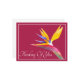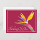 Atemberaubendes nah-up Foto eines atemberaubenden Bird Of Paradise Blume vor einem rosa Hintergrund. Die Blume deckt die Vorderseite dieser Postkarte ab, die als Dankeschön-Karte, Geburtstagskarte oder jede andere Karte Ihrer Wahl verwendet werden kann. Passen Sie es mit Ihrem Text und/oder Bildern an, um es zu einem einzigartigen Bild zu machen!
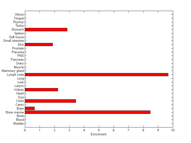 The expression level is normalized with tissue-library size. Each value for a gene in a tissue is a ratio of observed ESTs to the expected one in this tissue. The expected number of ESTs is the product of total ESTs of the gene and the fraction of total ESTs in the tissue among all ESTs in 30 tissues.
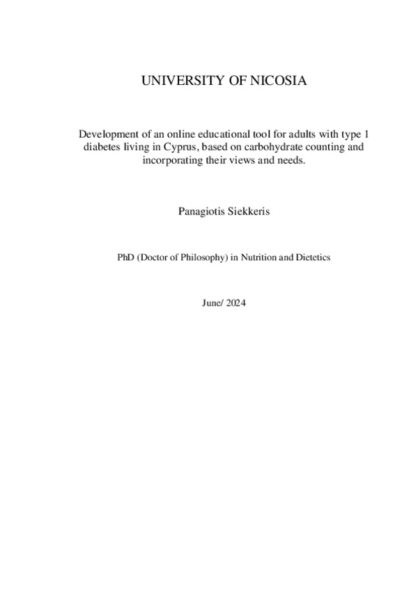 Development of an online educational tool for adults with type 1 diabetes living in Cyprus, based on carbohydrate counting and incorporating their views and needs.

************

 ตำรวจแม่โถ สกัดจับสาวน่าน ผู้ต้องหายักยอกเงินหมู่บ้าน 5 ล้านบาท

************

### What is needed
Within the material above, only the stretch from the line holding "Atemberaubendes nah-up Foto" through the line holding "Development of an" is to be restated exactly. Pictures are dropped.

### Final answer
 Atemberaubendes nah-up Foto eines atemberaubenden Bird Of Paradise Blume vor einem rosa Hintergrund. Die Blume deckt die Vorderseite dieser Postkarte ab, die als Dankeschön-Karte, Geburtstagskarte oder jede andere Karte Ihrer Wahl verwendet werden kann. Passen Sie es mit Ihrem Text und/oder Bildern an, um es zu einem einzigartigen Bild zu machen!
 The expression level is normalized with tissue-library size. Each value for a gene in a tissue is a ratio of observed ESTs to the expected one in this tissue. The expected number of ESTs is the product of total ESTs of the gene and the fraction of total ESTs in the tissue among all ESTs in 30 tissues.
 Development of an online educational tool for adults with type 1 diabetes living in Cyprus, based on carbohydrate counting and incorporating their views and needs.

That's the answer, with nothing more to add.